Middle: Interaction between the toxin protein Cyt2Aa2 and its mutant T144A with a model lipid layer consisting of 1:1 SM:DOPC. Wild type and mutant interact differently with the lipid bilayer as the final topography images show. The surface topography (height images) were taken in tapping mode (scan rate 1Hz) at 298 K in PBS solution (after 120 minutes of exposing the bilayer to the protein). Representative surface profiles (cross section) are also presented (with thicknesses ranging from 1 to 3 nm). Cholesterol was a determine factor for toxin adsorption (not shown here). Notation: 1,2-dioleoyl-sn-glycero-3-phosphocholine (DOPC), chicken egg yolk sphingomyelin (SM).

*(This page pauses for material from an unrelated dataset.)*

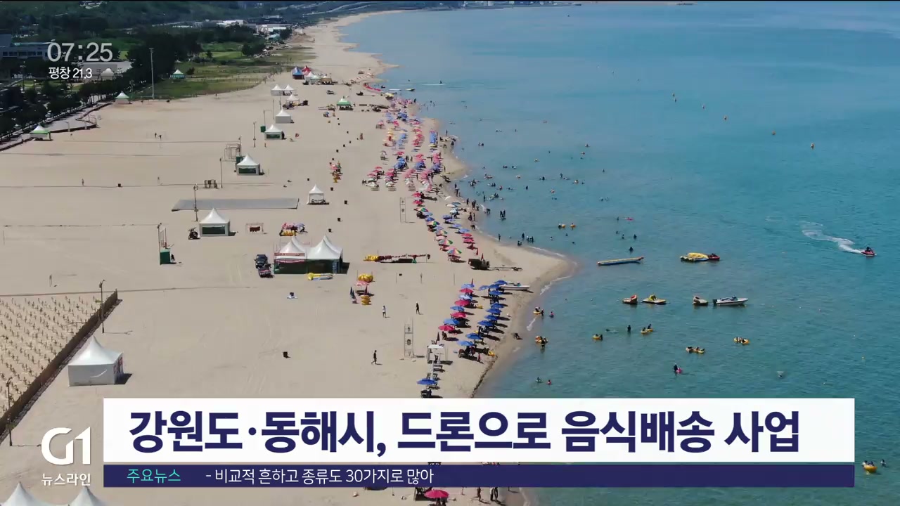 강원도와 동해시가 망상 해수욕장을 찾는 관광객들을 대상으로 오늘(28일)부터 자율비행 드론으로 음식을 배송하는 사업을 선보입니다.

Right: The fluorescence emission spectra for the HSA–Quercetin system (excitation λ = 280 nm, inset λ = 295 nm) at T = 310.15 K, and pH = 7.4. The HSA concentration was constant (10 × 10−6 M) while the Quercetin concentration was increased from 0 to 80 × 10−6 M. The presence of Quercetin quenches HSA intrinsic fluorescence. For Quercetin a notable blue shift at the maximum wavelength was also observed, which suggests a decline in polarity, and an increase in hydrophobicity.